A LOS QUE NO LES CAEMOS BIEN


caer mal

Hay mucha gente a la que uno no le gusta. A veces con razón y otras sin ella. Es muy difícil gustar a todos, imposible diría, porque nuestras opiniones suelen diferir de otras y volverse obstáculos en apariencia insalvables. Variar de parecer por complacer a alguien, solo demuestra pobreza de convicciones, ausencia de personalidad y de miras.

A muchos no les caemos bien por ser bajitos, usar lentes o tener una opinión que no concuerda con lo que piensan ellos. Hay gente a la que caemos mal sin motivo aparente, simplemente porque dimos señales equivocadas, o la impresión de ser como no somos.

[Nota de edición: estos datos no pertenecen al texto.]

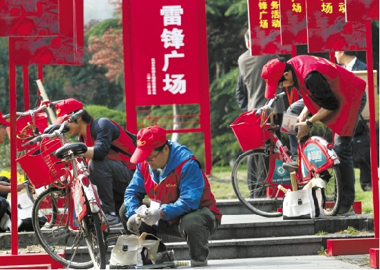 | 4月7日,杭州市在吴山广场设立“雷锋广场”。今后,杭州市文明办将每月的第一个星期六定为“学雷锋为民服务日”,杭州各区、县(市)在“雷锋广场”分别设立雷锋角,常态化开展学雷锋为民志愿服务活动。 本报记者 董旭明 林云龙 摄 |

Se cae mal por envidia, por celos por “quítame estas pajas”, por yo no sé por qué. Al final, vamos coleccionando antipatías, algunos no saludan, prefieren ignorarnos, ni miran si pasamos a su lado.

Uno no puede gustar a todos, por más que haga esfuerzos y cuando pienso esto, recuerdo el cuento “El Marciano” de Ray Bradbury, donde el protagonista cambia su aspecto y personalidad de acuerdo a quien esté cerca, terminando en medio de una multitud, en donde cada uno lo reconoce como alguien suyo, provocando al marciano la muerte por tantos cambios a gran velocidad. Creo que algo así pasa si queremos “servir a dos señores”. Soy como soy y claro, si me equivoco o está mal lo corrijo. Pero no espero gustar a “todo el mundo”. Lo creo y pienso así, ¿no concuerdan conmigo?